Stored items:
+++
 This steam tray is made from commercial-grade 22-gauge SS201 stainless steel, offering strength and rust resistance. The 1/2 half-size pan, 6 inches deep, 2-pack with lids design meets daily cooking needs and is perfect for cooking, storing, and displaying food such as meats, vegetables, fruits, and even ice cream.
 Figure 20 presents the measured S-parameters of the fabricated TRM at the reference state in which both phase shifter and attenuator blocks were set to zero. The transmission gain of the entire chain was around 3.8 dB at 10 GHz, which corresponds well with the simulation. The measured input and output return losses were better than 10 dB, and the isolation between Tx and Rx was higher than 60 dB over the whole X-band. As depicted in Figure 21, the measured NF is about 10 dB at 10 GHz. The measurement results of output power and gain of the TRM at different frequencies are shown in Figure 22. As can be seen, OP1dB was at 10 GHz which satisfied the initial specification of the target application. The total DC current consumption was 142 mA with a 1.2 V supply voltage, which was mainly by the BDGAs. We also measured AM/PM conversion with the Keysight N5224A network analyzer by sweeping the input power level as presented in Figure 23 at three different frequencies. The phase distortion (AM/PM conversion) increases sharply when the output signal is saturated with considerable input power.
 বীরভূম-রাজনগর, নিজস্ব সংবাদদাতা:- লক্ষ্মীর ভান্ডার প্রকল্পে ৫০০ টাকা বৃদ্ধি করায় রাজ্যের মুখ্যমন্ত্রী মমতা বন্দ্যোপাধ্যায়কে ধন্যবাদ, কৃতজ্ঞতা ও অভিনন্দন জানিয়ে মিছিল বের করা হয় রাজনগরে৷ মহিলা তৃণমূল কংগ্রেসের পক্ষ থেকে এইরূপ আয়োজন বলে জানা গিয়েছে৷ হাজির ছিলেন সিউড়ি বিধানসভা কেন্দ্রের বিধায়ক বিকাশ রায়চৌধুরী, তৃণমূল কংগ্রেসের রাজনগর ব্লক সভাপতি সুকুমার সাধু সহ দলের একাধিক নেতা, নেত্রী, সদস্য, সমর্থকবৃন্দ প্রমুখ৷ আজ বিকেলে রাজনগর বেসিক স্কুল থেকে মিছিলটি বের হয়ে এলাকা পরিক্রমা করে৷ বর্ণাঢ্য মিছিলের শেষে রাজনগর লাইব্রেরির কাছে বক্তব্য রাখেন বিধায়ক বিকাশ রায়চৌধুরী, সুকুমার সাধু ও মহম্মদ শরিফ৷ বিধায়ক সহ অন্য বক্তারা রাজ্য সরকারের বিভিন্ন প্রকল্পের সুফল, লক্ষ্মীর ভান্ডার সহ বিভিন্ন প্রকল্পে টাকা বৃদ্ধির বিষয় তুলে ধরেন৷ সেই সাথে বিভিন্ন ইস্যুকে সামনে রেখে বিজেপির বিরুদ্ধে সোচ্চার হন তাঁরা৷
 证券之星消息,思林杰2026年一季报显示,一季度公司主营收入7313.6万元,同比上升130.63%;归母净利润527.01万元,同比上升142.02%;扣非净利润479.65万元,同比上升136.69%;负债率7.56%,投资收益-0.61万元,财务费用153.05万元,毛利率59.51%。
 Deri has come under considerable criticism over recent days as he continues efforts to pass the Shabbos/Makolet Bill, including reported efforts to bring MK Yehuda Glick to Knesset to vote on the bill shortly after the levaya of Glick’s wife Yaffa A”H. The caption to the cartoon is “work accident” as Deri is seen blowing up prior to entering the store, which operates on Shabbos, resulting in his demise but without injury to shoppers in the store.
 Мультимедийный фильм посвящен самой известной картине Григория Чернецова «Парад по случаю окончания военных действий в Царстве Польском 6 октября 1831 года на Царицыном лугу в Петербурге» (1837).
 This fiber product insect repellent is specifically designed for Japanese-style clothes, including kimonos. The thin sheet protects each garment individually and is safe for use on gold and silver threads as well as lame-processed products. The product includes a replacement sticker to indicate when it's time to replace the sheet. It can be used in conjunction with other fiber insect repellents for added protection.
+++
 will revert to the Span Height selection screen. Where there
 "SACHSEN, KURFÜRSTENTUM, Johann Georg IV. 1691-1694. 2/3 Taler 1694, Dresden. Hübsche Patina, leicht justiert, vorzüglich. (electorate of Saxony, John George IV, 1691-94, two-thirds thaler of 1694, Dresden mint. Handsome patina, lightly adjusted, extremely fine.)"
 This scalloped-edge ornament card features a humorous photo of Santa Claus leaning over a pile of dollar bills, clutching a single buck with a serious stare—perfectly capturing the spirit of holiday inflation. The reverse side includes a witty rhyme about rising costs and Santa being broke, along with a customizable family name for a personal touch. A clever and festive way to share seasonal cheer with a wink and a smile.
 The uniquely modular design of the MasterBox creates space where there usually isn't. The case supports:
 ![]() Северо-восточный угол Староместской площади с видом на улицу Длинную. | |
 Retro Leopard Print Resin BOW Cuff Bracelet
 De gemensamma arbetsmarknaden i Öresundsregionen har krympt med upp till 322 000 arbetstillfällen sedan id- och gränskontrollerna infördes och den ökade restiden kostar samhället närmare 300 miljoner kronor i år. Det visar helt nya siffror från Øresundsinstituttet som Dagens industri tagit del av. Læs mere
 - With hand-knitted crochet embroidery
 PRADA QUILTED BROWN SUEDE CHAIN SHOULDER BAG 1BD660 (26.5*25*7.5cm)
+++
## TASK DESCRIPTION
Locate and copy each line in the data above that includes the word "there".

## RESULT OF THE TASK
 will revert to the Span Height selection screen. Where there
 The uniquely modular design of the MasterBox creates space where there usually isn't. The case supports:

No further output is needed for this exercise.